With some free time in my hands in between Coursera courses and classes not starting for the next couple of weeks, I wanted to use some of the new Azure Data Lake services and build a Big Data analytics proof of concept based on a large public dataset. So I decided to create these series of posts to document the experience and see what can be created with them.
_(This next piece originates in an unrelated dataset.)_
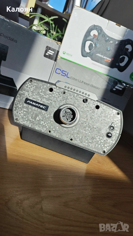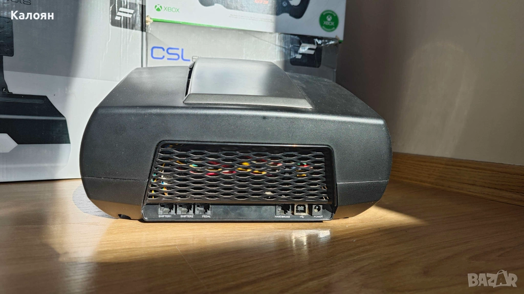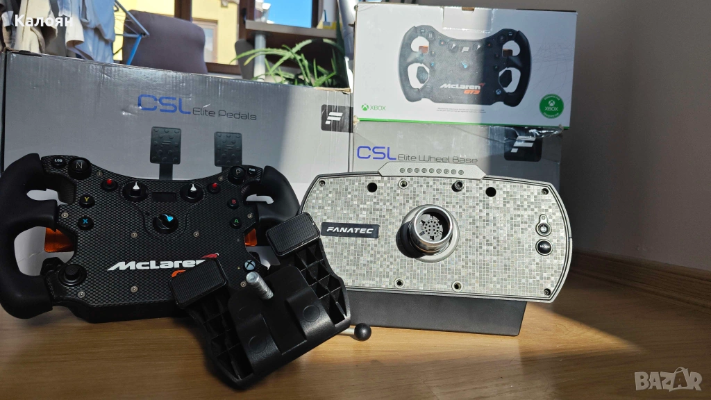 Базата и воланът са в пълна изправност. Моделът е стар, но това не му пречи да се представя на ниво дори и в нови заглавия като Le Mans Ultimate или Assetto Corsa Evo. Честно казано дори останах изненадан от усещането, което придава, въпреки минимално отделено време за настройка на force feedback-a. Технически базата има около 6 Nm пиков въртящ момент, който се предоставя посредством ремък. Може да се захване и към бюро с включената в комплекта скоба. Пробвал съм различни бази и смятам, че това е достатъчно, особено за човек, който се чуди дали това хоби е подходящо за него. Педалите са старата версия CSL Elite без допълнения (2 педала, няма loadcell). Също в изправност, но не ги ползвам, защото имам монтирани T-LCM на Thrustmaster. В комплекта са включени оригиналните кутии, упътвания, стикери, инструменти и кабели. Единственото нужно е пространство, където да разположите всичко. Техниката продължава да се ползва през уикендите за по няколко часа главно в LMU, няма проблеми с прегряване, прекъсвания, отслабване на мотора или други индикатори за неизправност. Спокойно може да задавате въпроси, ако възникнат такива. Изпращам по Еконт или Спиди за цялата страна с преглед и тест. За Варна е възможно и лично предаване.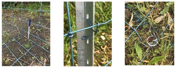 The fencing being used is the same height as a standard farm fence but is made of Waratah netting and an additional 30cm section is pegged flat on the ground to stop wallaby pushing under the fence. The Waratah fencing system is all steel and it can be erected very quickly.

To also play with some new shiny tools recently available, I made all of these steps using thew new Ubuntu Bash on Windows 10 and Azure CLI. Now that Bash is available on Windows, I think the Azure CLI is the best tool to use, as scripts created with it can be run both on Windows and Linux without any modifications. (In other multi-plaform and OSS news, Microsoft also recently announced the availability of Powershell on Linux, but I still think that using bash makes more sense than PowerShell).
What is Azure Data Lake
Azure Data Lake is a collection of services to help you create your own Data Lake and run analytics on its data. The two services are called “Azure Data Lake Store” and “Azure Data Lake Analytics”. Why would you use this as opposite of creating your own on-premise data lake? Cost is the first reason that comes to mind, as with any cloud based offering. The smart idea of these two services is that you can scale up storage independently of compute, whereas with an on-prem Hadoop Cluster you would be scaling both hand-in-hand. With Azure Data Lake you can store as much data as you need and only use the analytics engine when required.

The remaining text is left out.